Continuando a enfatizar no sentido da Sapataria Elegante ter sido uma perda irreparável para a Baixa, minha senhora, não tenho dúvida nenhuma. Indigna-me profundamente esta apatia, este desleixo de quem tem obrigação de manter viva a nossa história. É esta indignação –porque, como comerciante, sinto-o na pele todos os dias- que me faz escrever aqui neste blogue quase diariamente. Fico parvo, estou atormentado, estou assombrado pela forma como se continua a conduzir este país no apagamento da nossa história recente –já para não falar na mais recuada. Não sei o que querem fazer dele. Uma certeza eu tenho: eles também não sabem e não procuram saber. É gente da nova vaga, gente que enriqueceu sem dar no duro. É gentinha que desde sempre se habituou a olhar para o comércio de rua como o resultado de uma exploração dos consumidores. É gentinha que, desde sempre, viu os comerciantes como capitalistas e inimigos do povo. É gentinha que olhou sempre para o resultado, mas nunca olhou para as parcelas com olhos de ver. Nunca se preocupou em reflectir que esse mesmo resultado material e visível foi a adição de muito suor e lágrimas.
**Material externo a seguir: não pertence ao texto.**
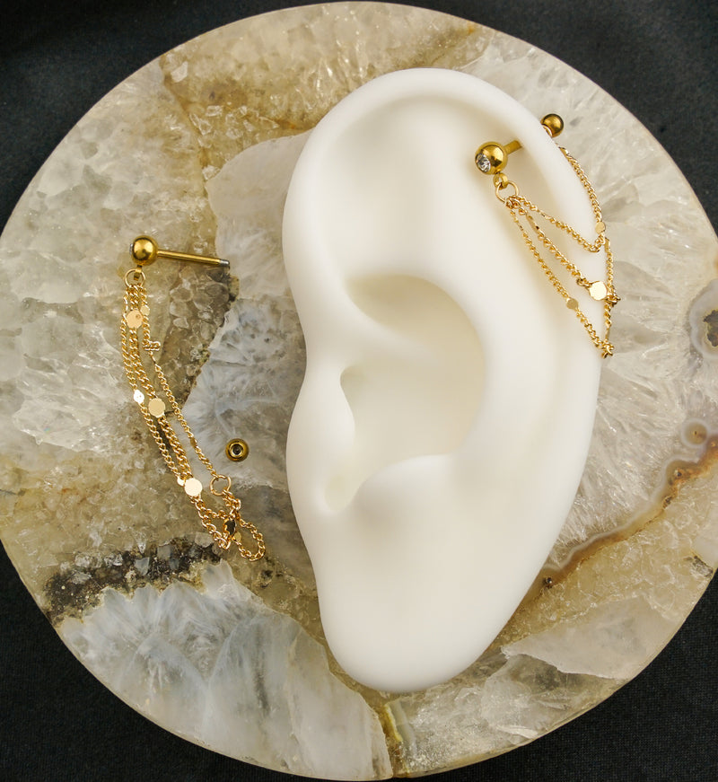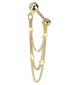 Golden, dangling stainless steel triple chain piece that is decorated with flat disks throughout. The wearable size of the barbell is 16G with a 5/16" (8mm) wearable length. The chain length measures about 30mm. On the barbell is a 4mm clear cz gem with a 3mm ball on the other end. Both ends are externally threaded. Made from gold pvd on 316L stainless steel. Sold individually. For healed piercings.

Agora é uma tristeza verificar que a maioria vegeta por estas ruelas e becos –mesmo alguns dos que angariaram fortuna noutros tempos, hoje, progressivamente, estão a empobrecer e a perderem todos os dias o que ganharam noutra época. 
Eu não escrevo por escrever –ainda há dias foi publicado um texto meu no Diário de Coimbra sobre este mesmo assunto. Tenho conhecimento de alguns casos, embora muitos deles estão encobertos no manto diáfano da pobreza envergonhada.
O que estranho mais é este ambiente de habituação colectiva perante uma profissão que tanto deu às cidades e a Portugal. Se for um qualquer sem-abrigo, que nunca trabalhou na vida, logo terá instituições e tudo mais em seu redor. Se for um comerciante que perdeu tudo neste casino viciado nesta falta de reconhecimento e irresponsabilidade social e acabe na rua, ninguém se importa.
Enfim, é o país que temos. São as pessoas, enquanto consumidores, que o compõem e contribuem para esta falência societária. São os políticos que nos governam. A história, provavelmente, os julgará por este apagamento deliberado. E está tudo dito!